50-9-0 annually to the mortgagee, the Pattam received from the tenant in possession of item 1 and the amount of Rs 50-9-0, should be taken as the interest due on the mortgage amount. Even though on the date of the mortgage item I was in the possession of a tenant, the recitals in Ext. P-1 show beyond doubt that it was not the intention of the parties that the tenant's possession should be continued and that the mortgagee should collect only the Pattam due from him. On the other hand, the intention clearly was that the mortgagee should evict the tenant and reduce the properties to his possession and realise the full profits from the property.
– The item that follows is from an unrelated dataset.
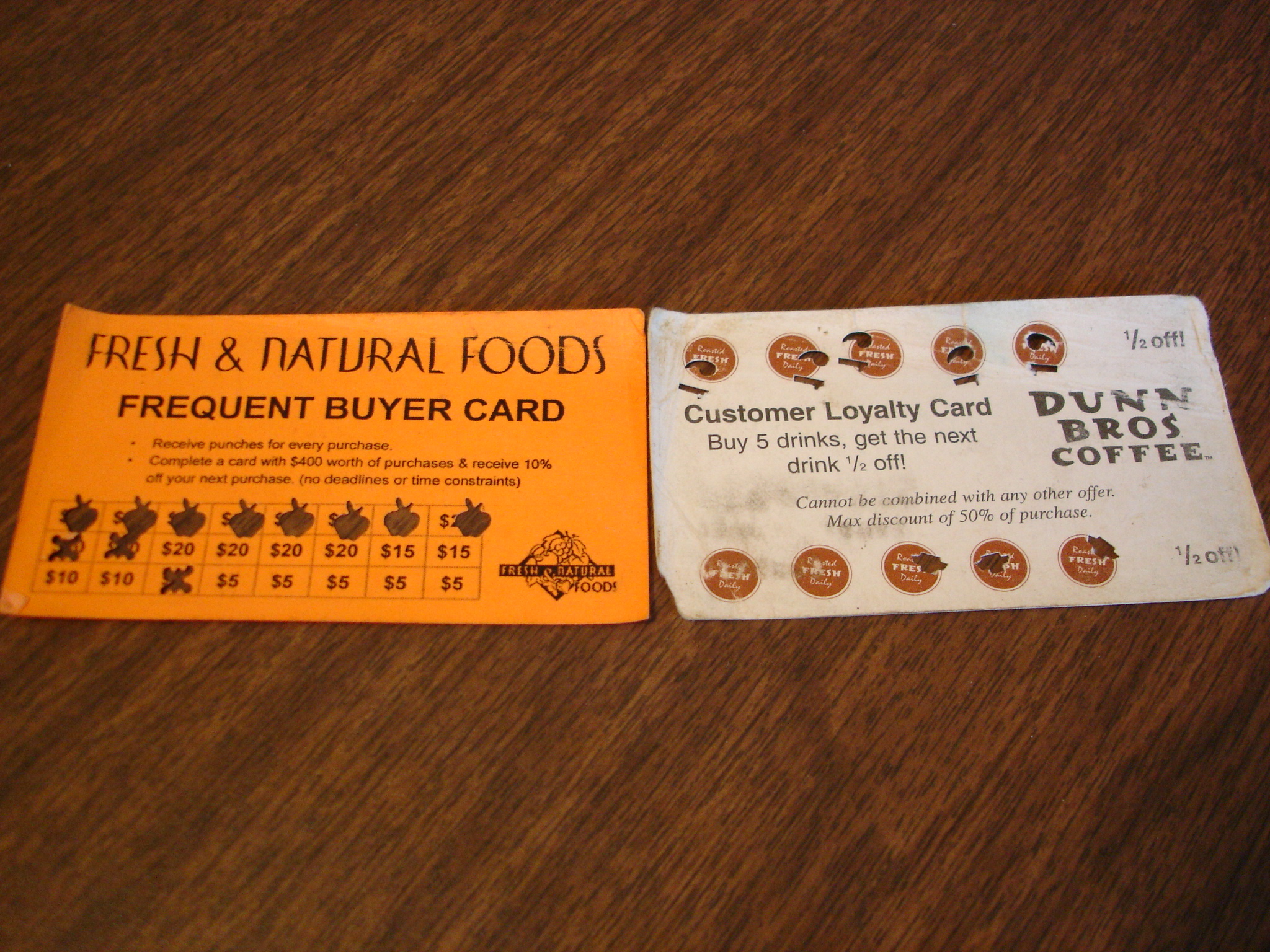 These two cards imply that I buy natural and organic foods (enough to decide to have a punch card) and yet another card that says I drink coffee. Honestly, I don't really drink much coffee at all!

It is for this specific purpose that the Munpattom amount repayable to the tenant was reserved with the mortgagee from out of the consideration advanced under Ext. P-1. Hence the circumstance that item 1 was outstanding with a tenant on the date of the mortgage does not in any way, alter the legal position and the mortgage was one under which the mortgagee was allowed to take possession of the property and to appropriate the profits therefrom without any liability to account to the mortgagor for any portion thereof. The principles laid down in Manavala Ayyar v. Muhammad Yoosuf (AIR. 1943 Mad. 100) and Koran Nambiar v. Kunhi Kannan Nambiar (1958 KLT. 754) are, therefore, fully applicable to the case. The lower appellate court is, therefore, wrong in holding that the profits realised from the property must be regarded as payments towards interest and that the mortgagor is entitled to have the said amounts adjusted towards interest and principal under S.5 of Kerala Act 31/58. 7. The Second Appeal is, therefore, allowed, the decree of the lower appellate court is set aside and that of the trial court restored with costs here and in the lower appellate court. No leave. Allowed.